If I was cis and looked the way I do, would you speak to me differently?
It’s so stupid.
Am I really going to come up here and talk about fucking micro aggressions?
During a fucking genocide?
OF COURSE the gender binary is fake
Of COURSE there is no self!
Please just tell me I’m not crazy.
How can I be read for the softness I feel inside?
It circles and rises. Easy to spot, hard to see.
Seeping in like water, sloshing through locks and dams into peripheral vision and involuntary vocalization. Dysphoria the unnameable, euphoria the uncountable.
Refracted on platonic solids are disembodied fragments of a portrait that rang. Mom's pearls and my first tattoos: an anchor and a garbled DNR in morse code.
My new voice, hidden among the protean angles, no longer probes but inhabits a register.

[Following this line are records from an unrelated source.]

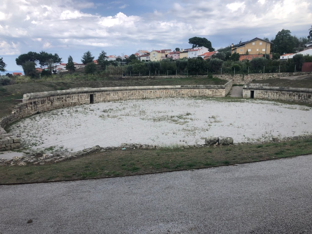 We started the week by taking a trip to Oliveira do Hospital. We needed to go to the nearest branch of NovoBanco and it was situated in that town. It was a bit of a ´spur of the moment´ decision but we set off and found the bank without any problems. The parking was challenging, but we managed to find a spot around the back of the buildings where the bank was situated. We conducted our business extremely quickly and we’re surprised at the speed of the service we received. We then had a bit of a walk-about trying to find any points of interest. There wasn’t really anything that took our fancy, so we headed to a nice cafe for coffee and a croissant and checked out Google Maps. There were two points of interest that looked promising. Both were located not far from the town and quite close to each other. The first was a Roman location with an amphitheater that had been discovered and close by was an ultra modern museum of olive oil.
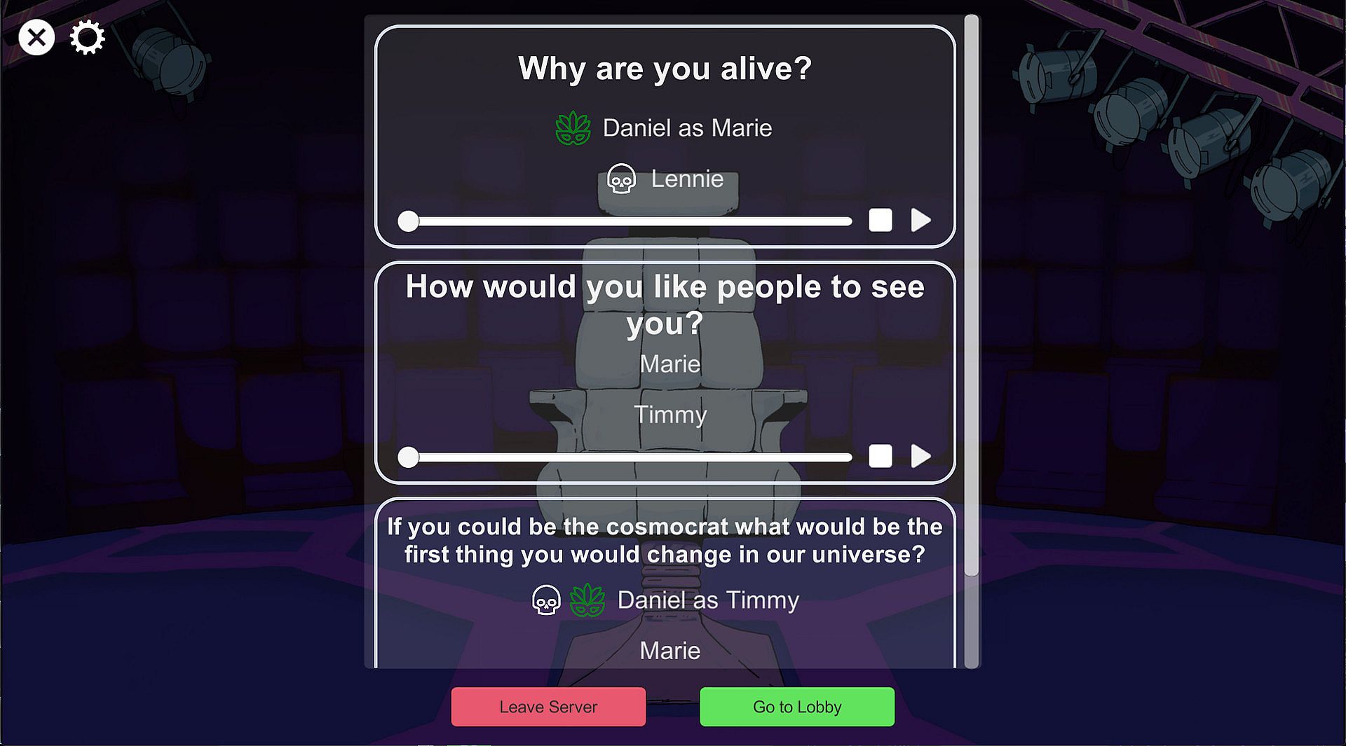 As your voice chat partner judges you by your every word choice, claimed opinion and speech patterns, you have to both convince your opponent that you're the person you're disguised as, as well as that you're earnestly examining them on their own realness. Many strategies can lead to victory, but all require acting skills, smarts and, most of all: confidence.- Hours of replayable fun. No round is the same!
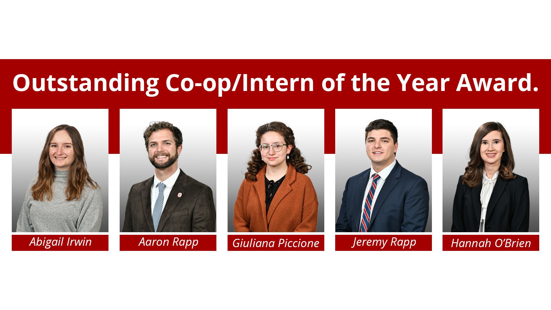 Bradley University’s Smith Career Center is pleased to announce the winners of the 2020 Outstanding Co-op/Intern of the Year Award. Please help us congratulate the following students, representing all five colleges of the University (pictured left to right).
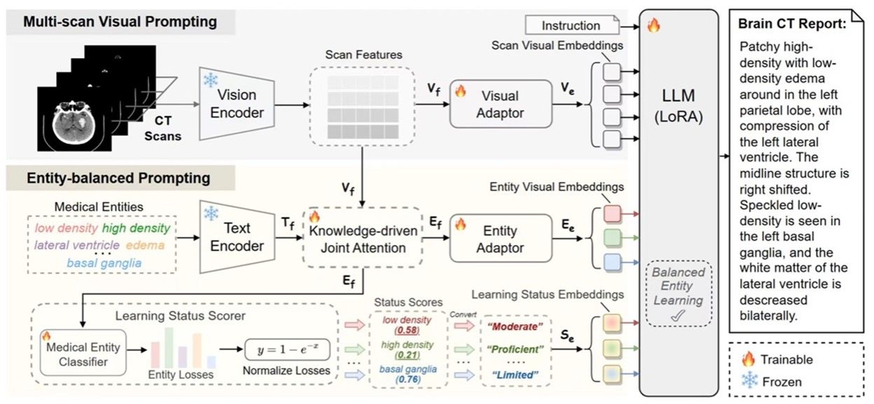 论文《MEPNet: Medical Entity-balanced Prompting Network for Brain CT Report Generation》被AAAI 2025录取,展示了团队在医学报告自动生成领域的最新研究成果。自动生成脑CT诊断报告有助于辅助医生诊断颅脑疾病,具有重要的研究意义和应用价值。由于不同医学实体在视觉分布上存在显著差异,导致模型难以均衡地学习多样的病理信息。针对这一问题,本文提出了一种面向脑CT报告自动生成任务的医学实体平衡提示网络(MEPNet)。该方法通过引入医学实体的视觉嵌入和学习状态作为辅助线索,引导大型语言模型(LLM)平衡地学习多样的医学实体,从而有效提升脑CT报告的生成质量。在多个脑CT报告生成基准数据集上的实验表明,所提方法生成的报告在临床准确性和文本连贯性上具有显著效果。
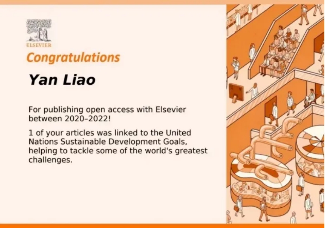 國際頂尖出版社Elsevier祝賀廖延博士研究成果在聯(lián)合國可...

Seeing myself in glittering fragments which slowly move into my awareness as if from nowhere and retreat. The broken manifold becomes more continuous. Searching in the angles, points of light project widening gradients until the edges intersect. Yes, I am starting to see a face in there.
My secret vocal training in sighs and particles. His bedroom voice is mine everywhere. You can either cut the cord or choose not to use it.
I'm thinking in tongues
I remember everything.
I mouthed the words of our favorite song.
I realize his absence more.
all now in time, we walk, you are, somewhere, something, now, and always.